──────── Records for the task ────────

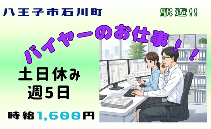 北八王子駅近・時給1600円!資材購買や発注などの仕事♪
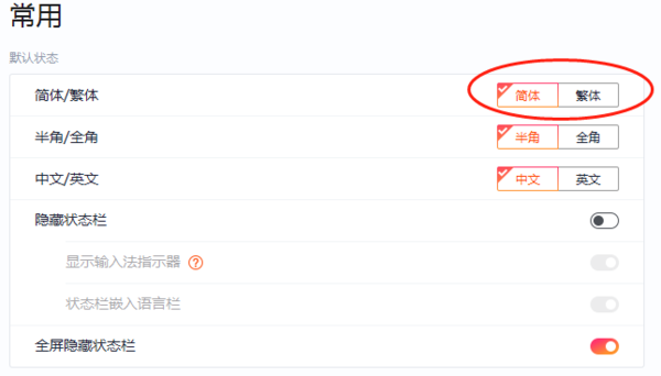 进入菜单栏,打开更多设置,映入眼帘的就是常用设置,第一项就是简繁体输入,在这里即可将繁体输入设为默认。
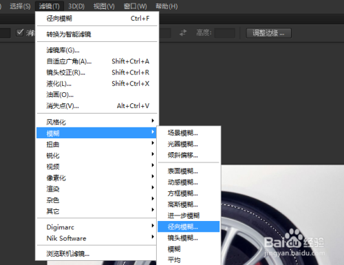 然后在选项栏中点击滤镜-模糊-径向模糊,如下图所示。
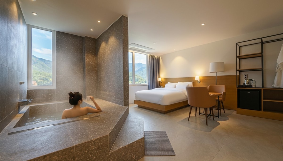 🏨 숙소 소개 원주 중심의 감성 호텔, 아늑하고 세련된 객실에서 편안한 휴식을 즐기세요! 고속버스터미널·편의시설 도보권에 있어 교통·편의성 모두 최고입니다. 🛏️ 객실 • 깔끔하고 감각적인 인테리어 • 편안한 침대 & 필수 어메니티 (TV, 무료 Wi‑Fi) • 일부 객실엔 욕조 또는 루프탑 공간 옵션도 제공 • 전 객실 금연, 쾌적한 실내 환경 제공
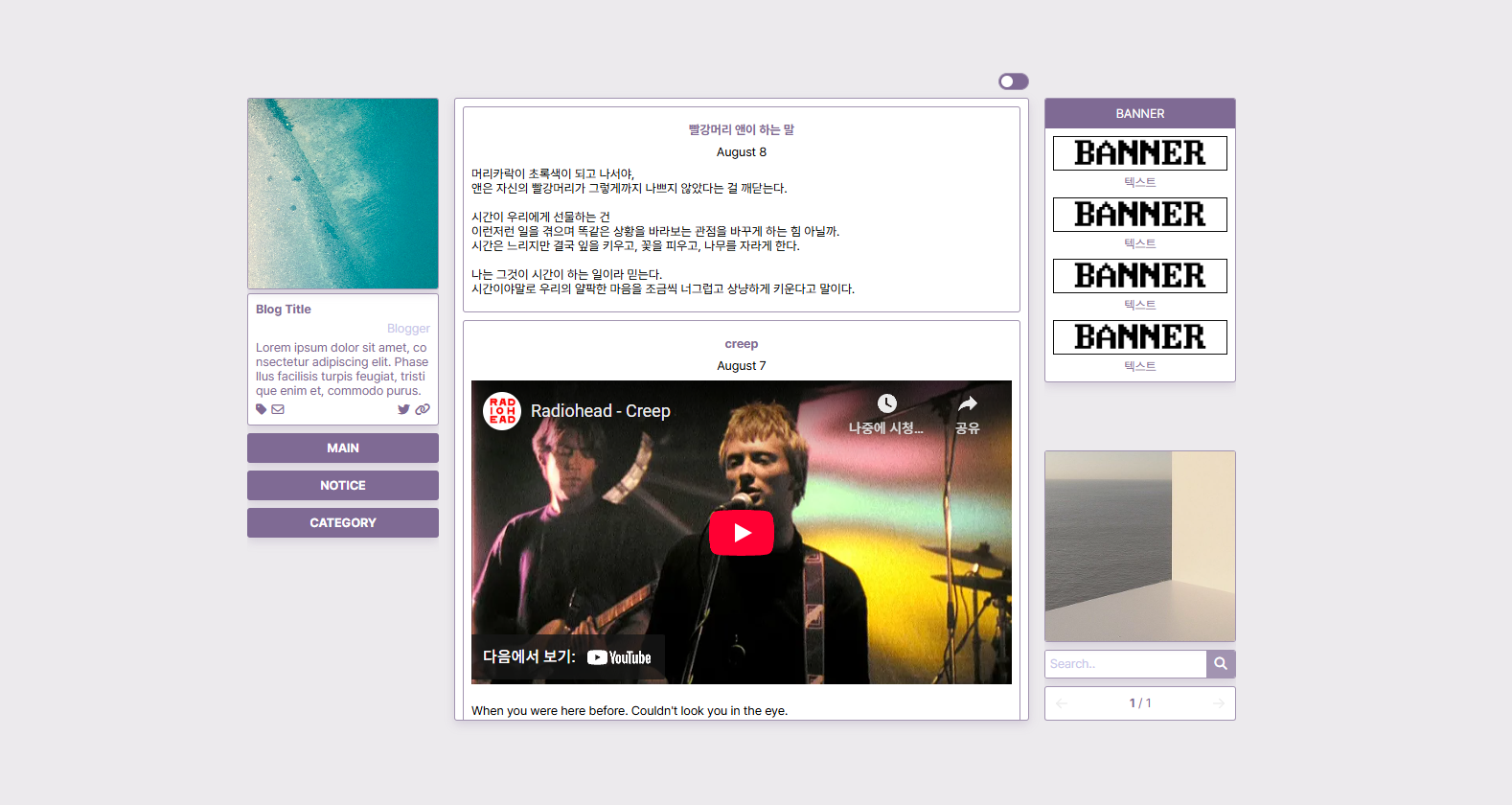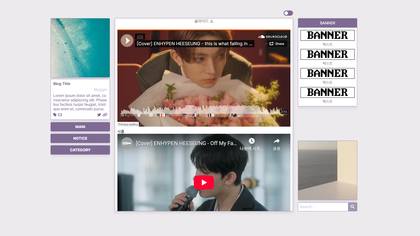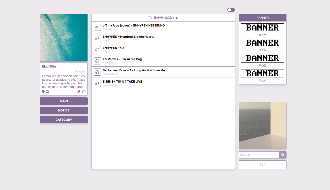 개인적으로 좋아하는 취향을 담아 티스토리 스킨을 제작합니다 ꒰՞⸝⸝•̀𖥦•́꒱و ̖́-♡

────────

> [Activity]:
Could the entries above be written out word for word, with no pictures?

> [Task solution]:
 北八王子駅近・時給1600円!資材購買や発注などの仕事♪
 进入菜单栏,打开更多设置,映入眼帘的就是常用设置,第一项就是简繁体输入,在这里即可将繁体输入设为默认。
 然后在选项栏中点击滤镜-模糊-径向模糊,如下图所示。
 🏨 숙소 소개 원주 중심의 감성 호텔, 아늑하고 세련된 객실에서 편안한 휴식을 즐기세요! 고속버스터미널·편의시설 도보권에 있어 교통·편의성 모두 최고입니다. 🛏️ 객실 • 깔끔하고 감각적인 인테리어 • 편안한 침대 & 필수 어메니티 (TV, 무료 Wi‑Fi) • 일부 객실엔 욕조 또는 루프탑 공간 옵션도 제공 • 전 객실 금연, 쾌적한 실내 환경 제공
 개인적으로 좋아하는 취향을 담아 티스토리 스킨을 제작합니다 ꒰՞⸝⸝•̀𖥦•́꒱و ̖́-♡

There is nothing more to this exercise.